И все же этот разлагающийся мозг сумел восстать из своего угасающего младенчества, обрести на время живость и проницательность, создать судно!

Судно являлось символом национальной гордости, громадной пантерой моря, горделивой быстрой кошкой Италии. Двигатели его, правда, были шведскими. Обшивку выковали из британской стали на Клайде. Надстройку сработали шотландцы. Спроектировал его немец. Трубопроводы были американскими. И все прочее — роскошная драпировка, стенные росписи, великолепная часовня, где служили святую мессу, китайский зал, где пили спиртное, ренессансный зал, где пили и курили, помпейский зал, где танцевали, английский ресторан, обшитый дубовыми панелями и увешанный спортивными эстампами, — являлось произведениями искусства многих народов, однако судно, бесспорно, было итальянским.

Судно было мощным.
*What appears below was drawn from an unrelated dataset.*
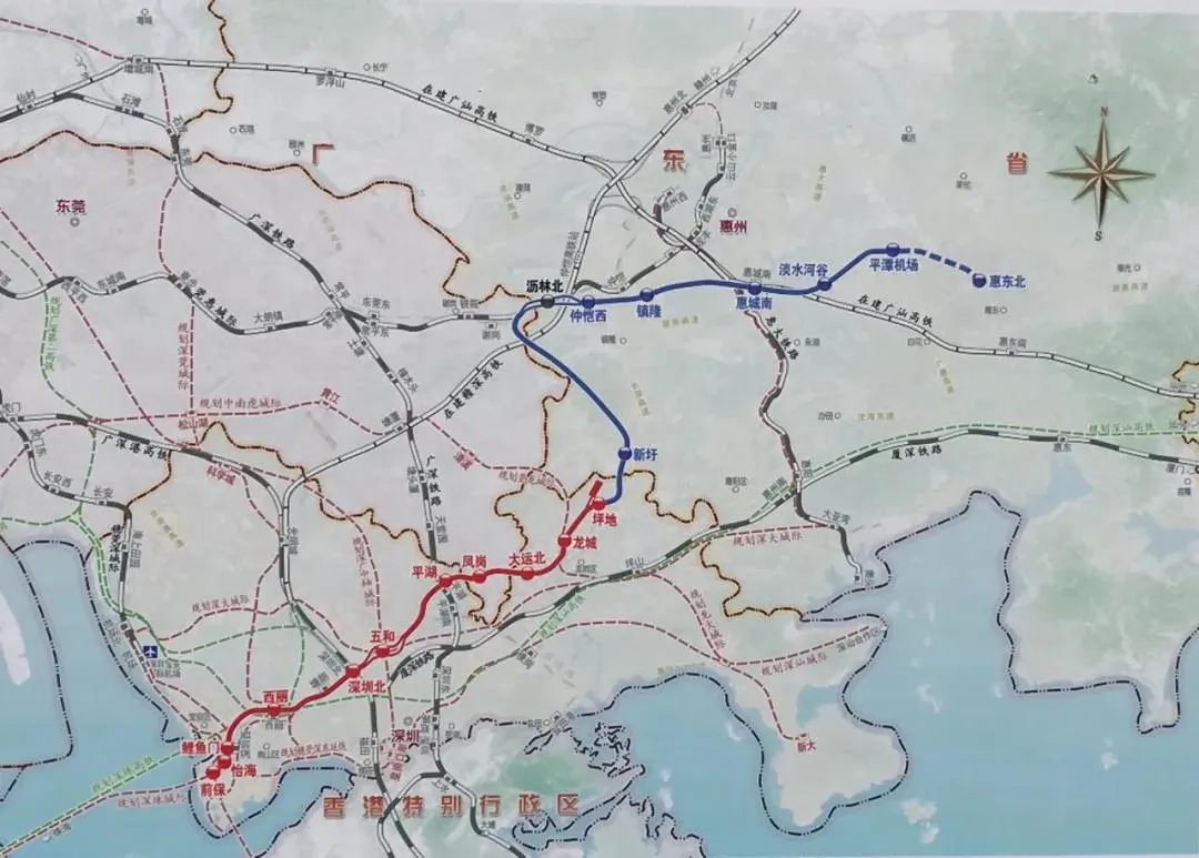深惠城际:起自前海合作区,经西丽、龙华、平湖、大运、惠州新圩、沥林、惠城南站至惠州机场,全长130公里,计划总投资773.1亿元。线路在惠州沥林北站与莞惠城际接轨,利用既有莞惠城际至惠州中心区。预留延伸至惠东条件。

Капитан, команда и пассажиры ежедневно вели учет его свершений. Бурно радовались его скорости. Гордились его стойкостью. Наблюдали, как оно гордо вздымается на волнах в гармоничном ритме. Судно было их любовью, их радостью, они обожали его. Члены командного состава расхаживали по его палубам, разговаривая негромкими возбужденными голосами. Иногда пассажиры видели, как они, жестикулируя, оживленно спорили, потом умолкали, вновь оглядывали судно и продолжали спор с еще большей горячностью и гордостью.

Судно стремительно шло вперед сквозь шторм, по-кошачьи подрагивая. Они наблюдали, как оно зарывается в огромные волны. Видели, как пенистый девятый вал перекатывается по его носу, обдавая палубы тучами хлещущих, словно плети, брызг.
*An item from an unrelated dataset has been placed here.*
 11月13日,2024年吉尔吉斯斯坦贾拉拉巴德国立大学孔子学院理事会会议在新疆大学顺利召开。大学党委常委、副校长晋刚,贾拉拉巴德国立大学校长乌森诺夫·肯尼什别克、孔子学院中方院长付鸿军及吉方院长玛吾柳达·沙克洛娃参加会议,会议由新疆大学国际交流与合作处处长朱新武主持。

Чувствовали, как судно замедляет ход перед тем, как зарыться, или поднимается с гордо задранным носом, с которого стекает вода. Потом тысяча тонн воды снова обрушивалась на обшивку, судно содрогалось, словно боксер от удара по корпусу, потом успокаивалось и вновь устремлялось в безбрежную сумятицу моря и неба, осаждавших его, словно воющий зверь. Не было расстояния, не было горизонта; была только завывающая сумятица неба и моря, в которой судно, словно некая враждебная ей сила, вело борьбу — в аду вод, которые бурлили, пенились, бросали его в глубокие впадины и жутко обрушивались на него с громадных высот, возносили на альпийские вершины волн, а затем со скоростью курьерского поезда опускались под ним, словно вселенная лишалась дна, и море устремлялось в пустоту. Вода была густой, зеленой, с шипящими пеленами пены, а в отдалении — серо-черной, холодной, зловещей, гребни волн взрывались бурлящей белизной. Тучи были густыми, серыми и мглисто смыкались с морем в бурной, свирепой стихии.
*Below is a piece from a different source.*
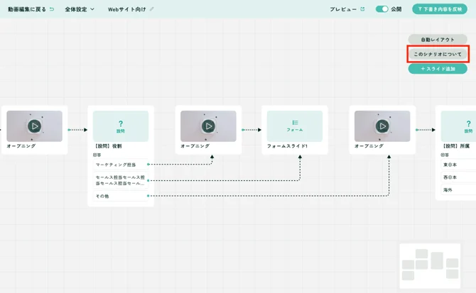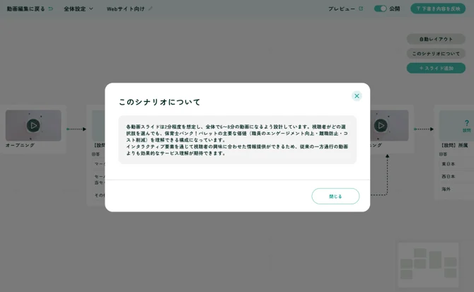 フロー図画面の 「このシナリオについて」 をクリックすると、AIがどのような意図で構成を組み立てたのか、その背景や流れが表示されます。

По мере того как день шел за днем, буйство и ярость шторма нарастали, подгоняемое им судно ускоряло ход, великолепно выдерживая первое испытание, превосходя себя; подавленное, нервозное настроение комсостава сменилось откровенным ликованием. Среди членов его раздавались внезапные взрывы громкого смеха. На бурное море они стали смотреть с надменным равнодушием. Когда пассажиры спрашивали их о погоде, они притворялись спокойно-беззаботными: а, ничего особенного; слегка штормит, но хотелось бы настоящей бури, дабы судно могло показать, на что способно.

Это судно было последним из всех в вечных морях. Оно оставило веху в истории. Оно являлось наследником всех прочих судов, которые оставили след во времени, которые несли маленьких пылких людей и всю историю по водам — греков, финикийских торговцев, неистовых белокурых норвежцев с заплетенными в косы волосами, горячих испанцев, французов в пудреных париках и грубоватых англичан, шедших к чужим побережьям, чтобы высаживаться и покорять. Эти люди были владыками морей, они дали название смертных и мерки времени смертных вечному! Да! Они заставили громадные часы мелодично пробить над океаном; они захватили вечное море и установили на нем меру своих лет; они сказали: «В таком-то году мы сделали это море нашим, завладели им для нашего судна и нашей страны».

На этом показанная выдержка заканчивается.